Task instructions -> Nothing should appear in the answer except the lines below from the line containing "Я предварительно курагу" through the line containing "Vibrant Still Life", copied exactly, with pictures left out.

Exercise data ->
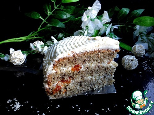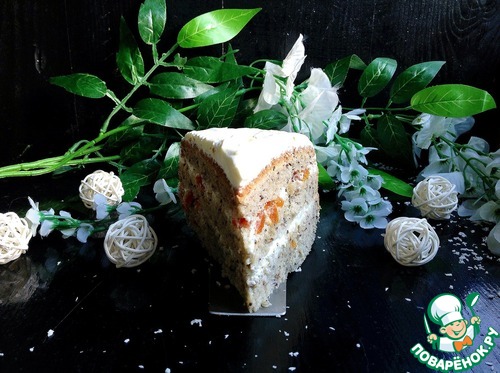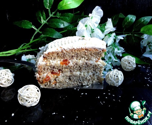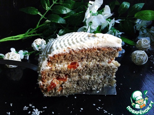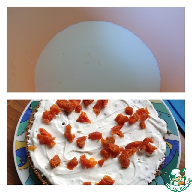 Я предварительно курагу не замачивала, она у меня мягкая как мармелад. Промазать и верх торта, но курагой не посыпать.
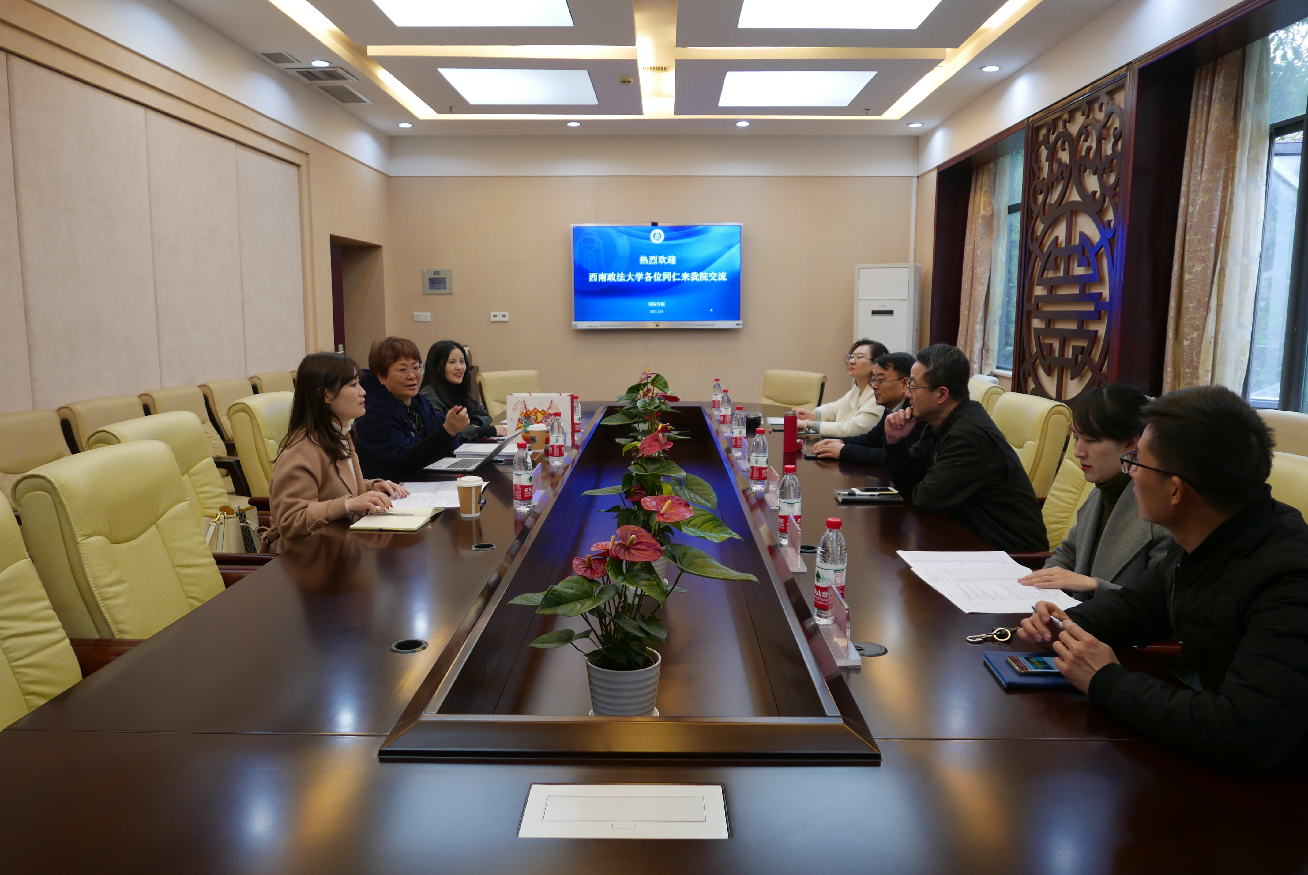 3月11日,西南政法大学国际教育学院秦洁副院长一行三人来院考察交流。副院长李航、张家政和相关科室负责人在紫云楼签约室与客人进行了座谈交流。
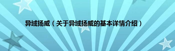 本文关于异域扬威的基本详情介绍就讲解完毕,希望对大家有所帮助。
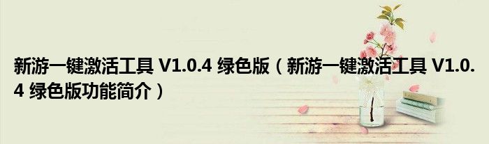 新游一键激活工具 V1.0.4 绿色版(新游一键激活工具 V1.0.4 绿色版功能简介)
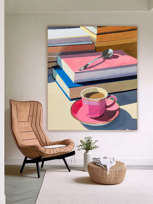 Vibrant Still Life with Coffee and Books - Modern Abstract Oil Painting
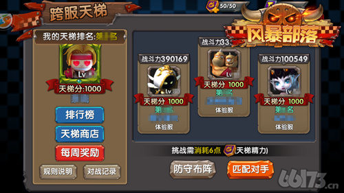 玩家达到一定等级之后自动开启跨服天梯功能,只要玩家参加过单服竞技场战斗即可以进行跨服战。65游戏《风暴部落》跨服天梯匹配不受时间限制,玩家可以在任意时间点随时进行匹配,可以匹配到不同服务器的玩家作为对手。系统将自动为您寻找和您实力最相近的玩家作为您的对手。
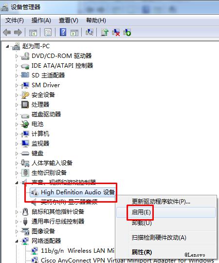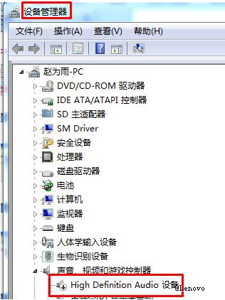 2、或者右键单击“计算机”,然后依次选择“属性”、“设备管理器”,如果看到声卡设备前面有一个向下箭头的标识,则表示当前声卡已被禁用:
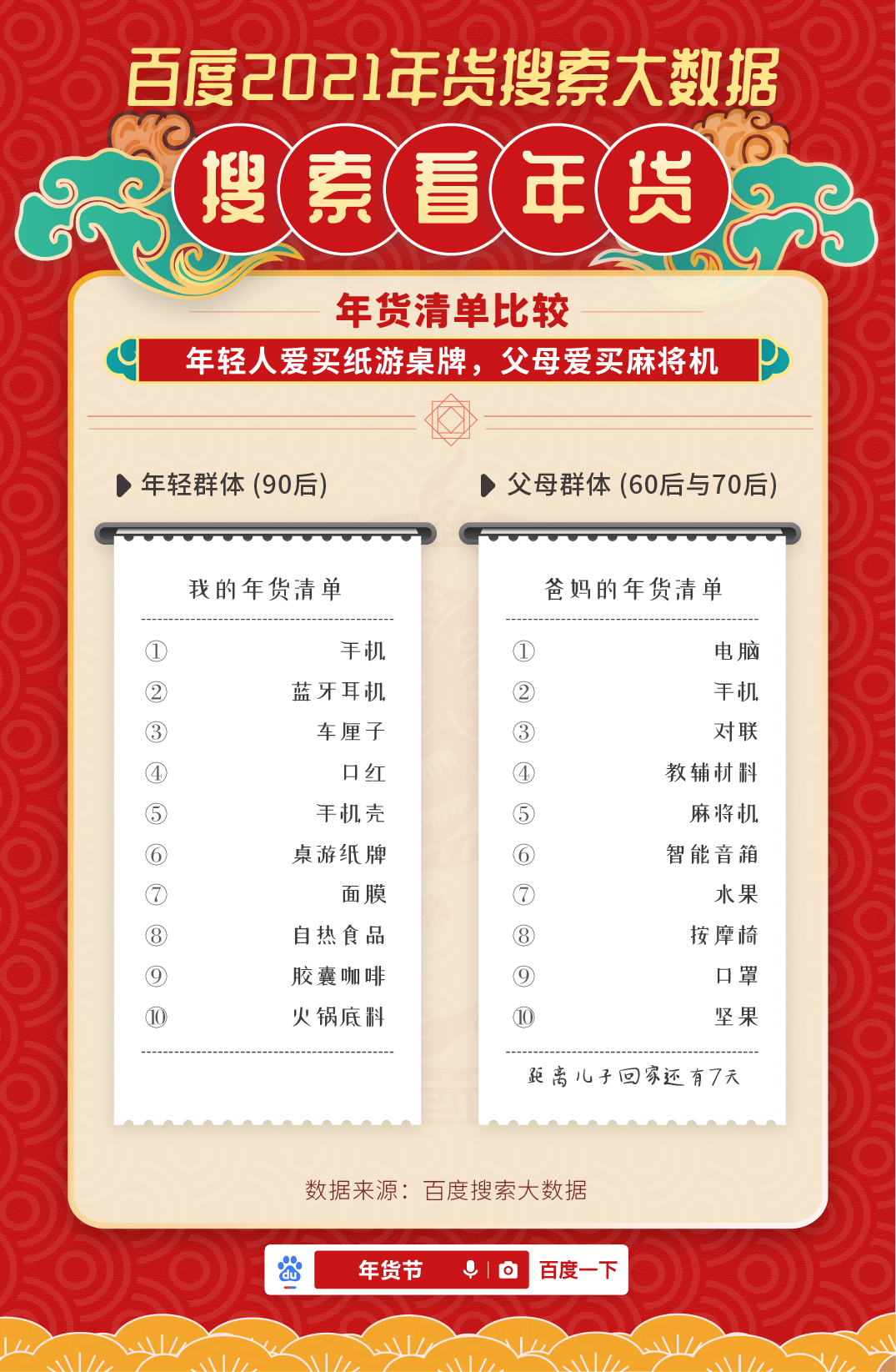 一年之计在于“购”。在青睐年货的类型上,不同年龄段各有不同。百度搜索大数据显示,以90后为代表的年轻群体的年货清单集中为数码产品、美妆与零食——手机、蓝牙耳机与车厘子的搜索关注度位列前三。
--
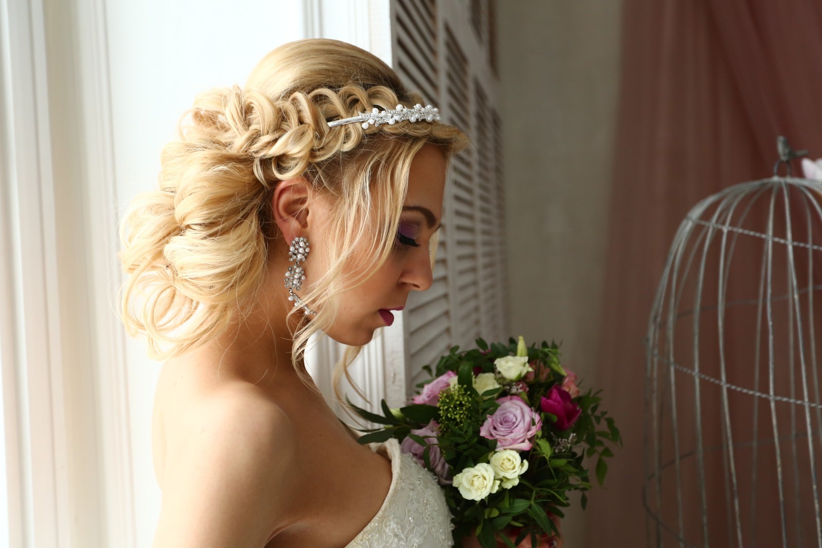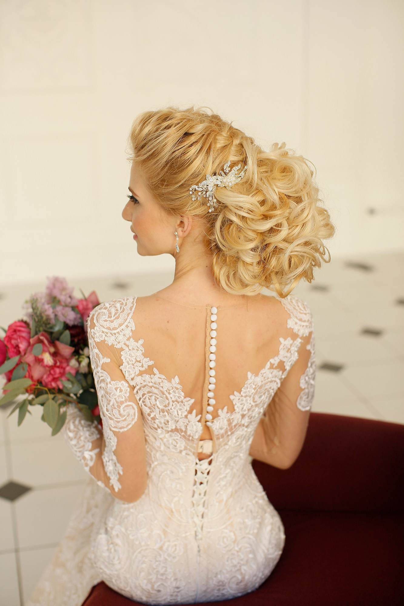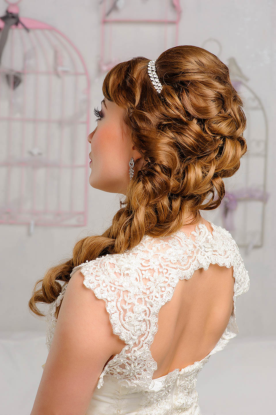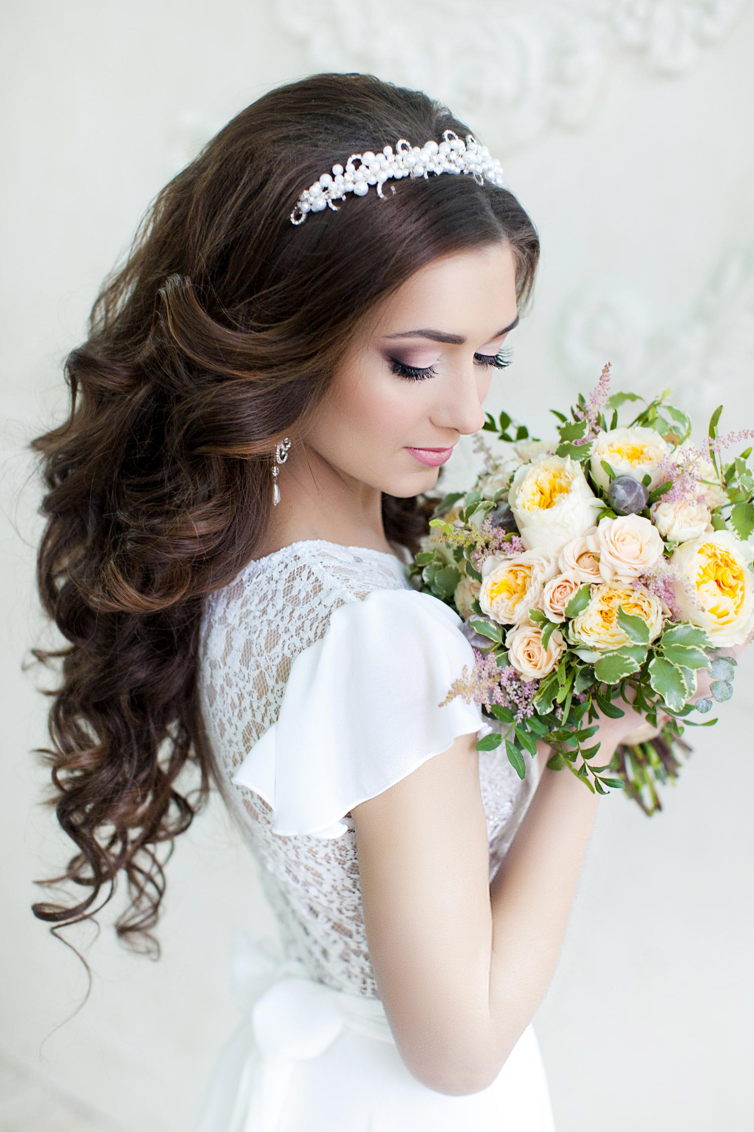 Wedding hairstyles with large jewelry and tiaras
* * *
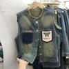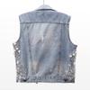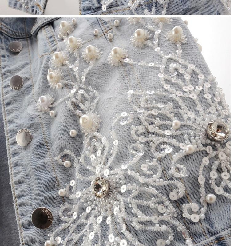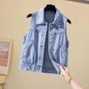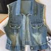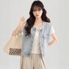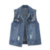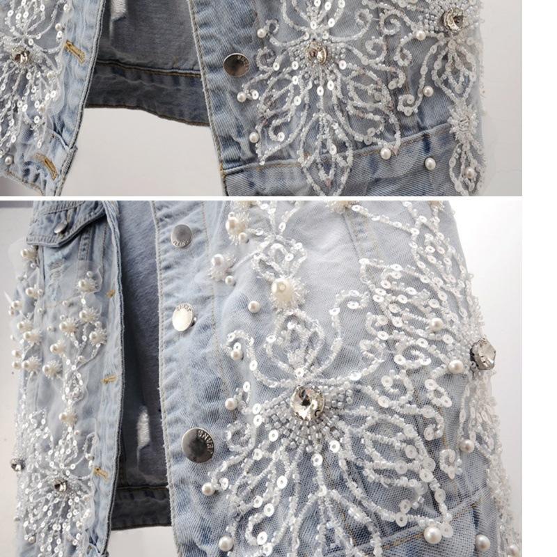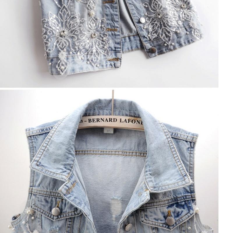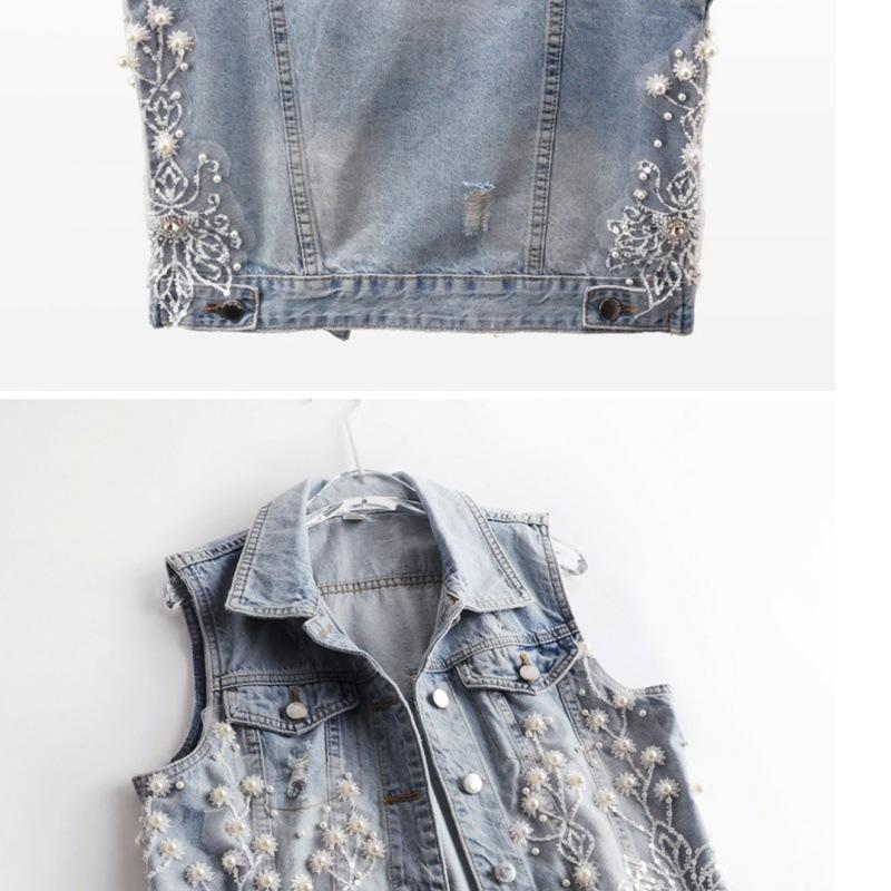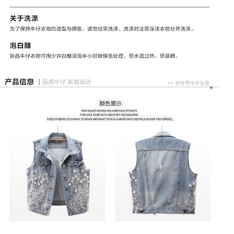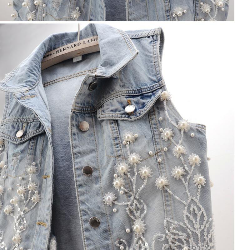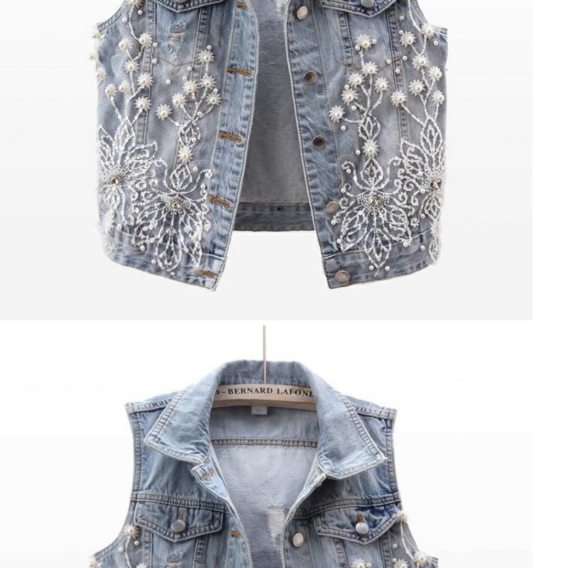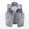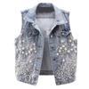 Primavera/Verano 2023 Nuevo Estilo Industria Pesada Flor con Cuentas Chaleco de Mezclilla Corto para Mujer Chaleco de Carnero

Answer area ->
 Я предварительно курагу не замачивала, она у меня мягкая как мармелад. Промазать и верх торта, но курагой не посыпать.
 3月11日,西南政法大学国际教育学院秦洁副院长一行三人来院考察交流。副院长李航、张家政和相关科室负责人在紫云楼签约室与客人进行了座谈交流。
 本文关于异域扬威的基本详情介绍就讲解完毕,希望对大家有所帮助。
 新游一键激活工具 V1.0.4 绿色版(新游一键激活工具 V1.0.4 绿色版功能简介)
 Vibrant Still Life with Coffee and Books - Modern Abstract Oil Painting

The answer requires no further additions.